話しても良いのかも知れない。だけど、話した時点で本来起こりうる出来事に不備が生じるのかも知れない。いや、もう既に本筋を逸脱してしまっているか?
「・・・・七枷君、私は答えろと言ったの聞こえなかった?黙ってないで喋りなさい。言うまでもない事だけど、拒否権も黙秘権も認めないから」
不味い、下手に沈黙が長引くと遠坂の印象が余計に悪くなる一方だ。いや、きな臭さ満点でもう評価の落ちようがないとも言えるかもしれないけど。どうしよう、参った。こういった詰問は本当に苦手だ。就職中だった頃の嫌な上司とのやり取りを思い出してしまう。
「・・・ここじゃ、大きな声で言えないからさ。場所、変えない?勿論、遠坂さんの希望に合わせるから」
詰みだ。全て話すかどうか・・・話しても信じて貰えない可能性が高すぎるのを承知で、オレは誤魔化しを選択せず、魔術師遠坂凛に話をする事にした。
新都にあった公園の一角に舞台は移動する。十年前の大災害の跡地。パンピーのオレでも嫌悪感を感じてしまう。精神的に疲弊してたら嘔吐感まで催すかもしれない。オレでさえこんな状態だが、遠坂ならもっと感じ取れるのだろう・・・と思う。嫌な場所だが、公園なのに人気の無さに関してはこれ以上ない環境だった。ここを公園にしようと思って設計・計画した業者さんには少し哀れみを感じてしまうけど。
「さぁ、場所を移してあげたわよ。さっきの問いに答えて貰いましょうか」
「その前に、1つ約束して欲しい」
「―――内容によるわ。・・・何?」
「今から言う内容が君にとって警戒せざるを得ないものだから無理な話だって分かってて言う約束だけど、冷静に聞いて叶うなら極力信じて欲しいんだ」
「――――――OK。善処する」
すぅーーーーー・・・・・・・・はぁーっ。1つ深呼吸して、オレは遠坂と向き合った。
「最初に言うけど、オレは只のパンピーだ。魔術師云々以前に魔術回路だって一本も無い」
魔術師という単語から遠坂の睨み率が倍化した。
「確かに警戒せざるを得ないわね。魔術師云々を喋ってるのにその道の人間じゃない?そんな言葉を信用しろっていうの?真っ当な思考回路じゃないわ」
「疑うんなら身体検査でもなんでもしてくれて良いよ。但し、ヘンに身体を弄くり回さないって遠坂さんの魔術師としての誇りに掛けて誓ってくれれば・・・だけど」
む・・・と、遠坂が睨むがさっきよりは問題ない空気だ。魔術師としての沽券を刺激した挑発ならこの少女がムキになって誓ってくれる公算は高めだ。

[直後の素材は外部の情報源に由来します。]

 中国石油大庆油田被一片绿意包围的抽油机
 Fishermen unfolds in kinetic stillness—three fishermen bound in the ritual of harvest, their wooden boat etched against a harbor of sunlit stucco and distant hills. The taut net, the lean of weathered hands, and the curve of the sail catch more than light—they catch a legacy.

「・・・いいわ、そこまで言うなら調べさせて貰う。勿論ヘンに弄ったりする気は毛頭無いわ。私の誇りに掛けて誓う」
「―――ゴメン、ありがとう」
ぺこり、と頭を下げると遠坂はきょとんとした顔の後、『フンッ!』と少し赤くなっていた顔を背けた。照れていた・・・のだろか。

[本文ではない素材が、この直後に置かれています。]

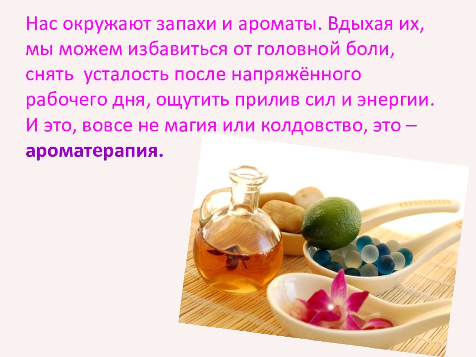 Нас окружают запахи и ароматы. Вдыхая их, мы можем избавиться от головной боли, снять усталость после напряжённого рабочего дня, ощутить прилив сил и энергии. И это, вовсе не магия или колдовство, это – ароматерапия.
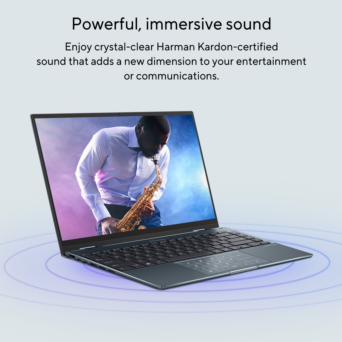 For unrivaled audio quality, Zenbook 14 Flip OLED has a stereo sound system certified by the audio experts at Harman Kardon. It delivers powerful, immersive sound that’s crystal-clear, with the multi-dimensional soundscape of Dolby Atmos. It immerses you in your favourite entertainment with sound that moves all around you with breathtaking realism in music, movies and TV.

「感謝するなら疑いが晴れてからにして頂戴。それじゃ、簡単に検査するからこっちに寄ってくれる?」
「今からやるの?っていうか、そんな設備・・・というか器具?みたいなのなんて持ってないんじゃ・・・」
「私の魔術刻印を使って貴方の身体を直接スキャンするの。簡単だけど、魔術刻印や回路を持っていたら強い違和感や抵抗感を感じるわ。私はその軋みを感じ取る事で判断する。貴方が一般人ならそれほど軋まないで流動する。確かに正確に計るなら家じゃないと無理だけど、大まかな検査くらいならいつでも出来るわけ。じゃ、始めるわよ」
「あ・・・うん、お願い」
「――――Anfang」
左腕が光を帯び、複雑な模様が浮かび上がりその手がオレの胸に触れた。その刹那、全身に得体の知れない何かが流れ込み、蹂躙・・・とまでは行かないが少し近い感じで隅々まで駆けめぐる。こめかみに緩い圧迫感を覚え、脳髄に訴えかけるような・・・それでいてじわじわと差し迫ってくる何とも言えない嘔吐感。耐えられない訳じゃない。でも持続するのは勘弁して欲しいレベルだった。

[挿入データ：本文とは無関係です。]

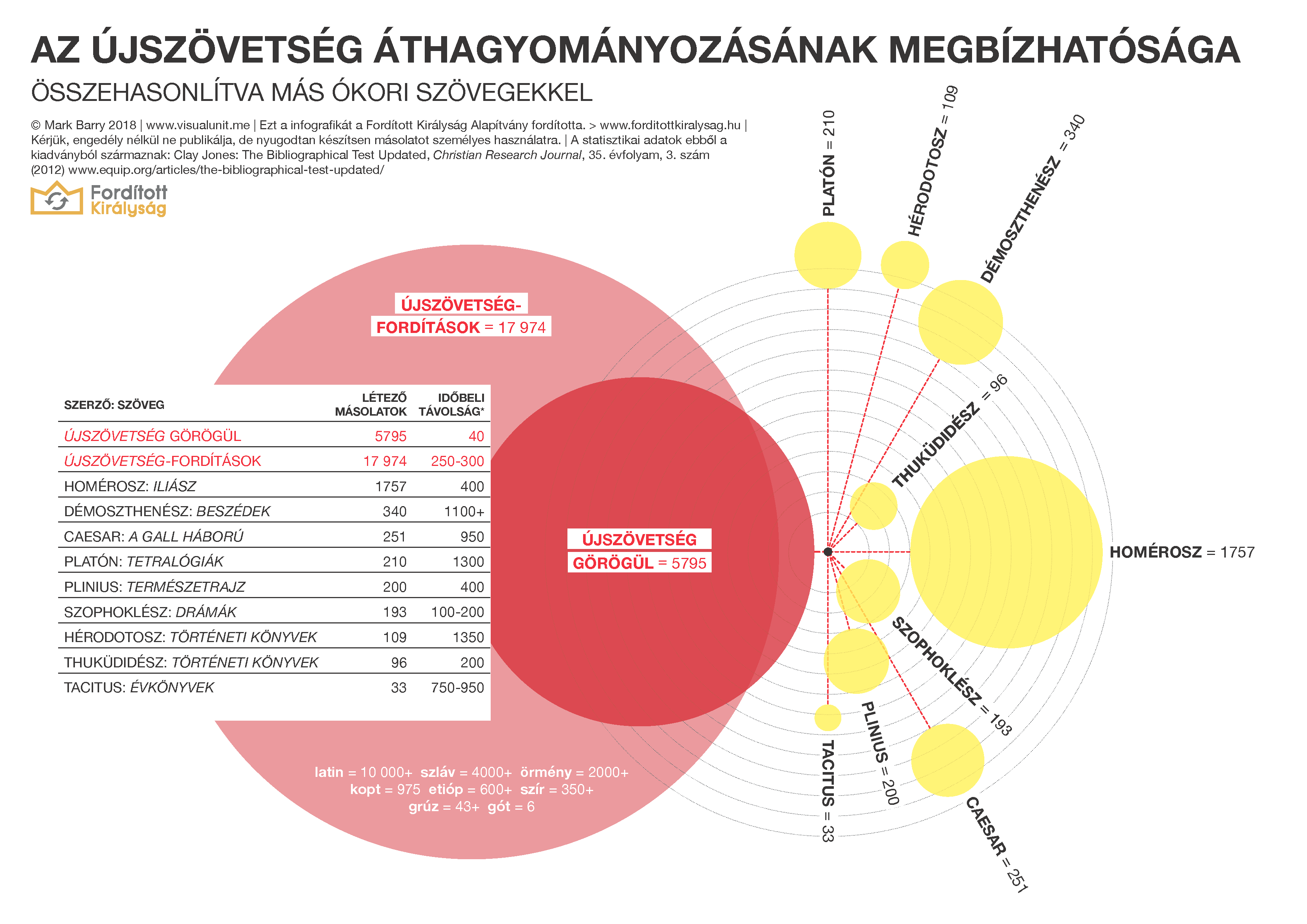 Ezt a infografikát a Fordított Királyság Alapítvány fordította. > http://www.forditottkiralysag.hu | Kérjük, engedély nélkül ne publikálja, de nyugodtan készítsen másolatot személyes használatra. | A statisztikai adatok ebből a kiadványból származnak: Clay Jones: The Bibliographical Test Updated, Christian Research Journal, 35. évfolyam, 3. szám (2012) http://www.equip.org/articles/the-bibliographical-test-updated/

表現するならば、GTA3みたいなポリゴンゲーの映像を自分視点で見続けて3D酔いなった・・・と言えば分かりやすいだろうか。荒いポリゴンに慣れている人には理解しにくい気持ち悪さだと思うが、そこはご了承くださいというやつだ。
「―――――ふぅ」
と、どうやら終わったみたいだ。
「あ、その・・・どうだったかな?」
「・・・結論から言えば貴方はシロね。敢えて言わなかったけど、魔術刻印若しくは回路を持っていれば、それらは異物・・・この場合私の魔力ね。それを排除しようと反応して激痛となって苛まれるわ。両手の爪が一気に剥がれるくらいのね。魔術師なら覚悟すれば顔色1つ変えずに耐えきれるかもしれないけど、決め手になったのは魔力の直当てをしても抵抗なくスムーズに流動していった事よ。と言うことは、魔力殺しで誤魔化している線も消える。つまり、貴方が一般人と言うことには納得してあげるわ。暫定的にね」
「暫定的に・・・っすか」
「当たり前じゃない。1億歩譲って一般人と認めるけど、それじゃ何で私が魔術師である事を知ってるのか分からない。そしてさっきぽつりと喋った聖杯って言葉。貴方は聖杯戦争の事に関してもある程度知っている。」
そうよね?と、視線が問いかけている。それにオレは小さな頷きで返した。
「それで、七枷君はどこまで知ってるわけ?一般人なんかには聖杯戦争のせの字も知られることはない筈なのに」
「・・・全部」
「は?」
「今回の戦争における事の顛末の全てを大雑把に知っている。何が起こるのか誰がマスターなのか、誰が生き残るのか・・・・・・そして死ぬのかを」
「ちょっ・・・ちょっと待ちなさいよ、何それ未来視だとでも言うつもりなの!?貴方さっき自分は一般人だって主張したわよね?言ってることが矛盾してるわ」
「未来視なんかじゃない。でも、オレは知っているんだ。その・・・」
うぅ、かなり言い難い。あ〜絶対信じないだろうな。
「ゲームという形で、オレはこの世界の事を知ったんだ」
案の定、遠坂はぽかーんとした表情から一転「〆切とは?」と問われたら「破る事と見つけたり!」と答えたダメ作家を見るような生暖かい目をされていた。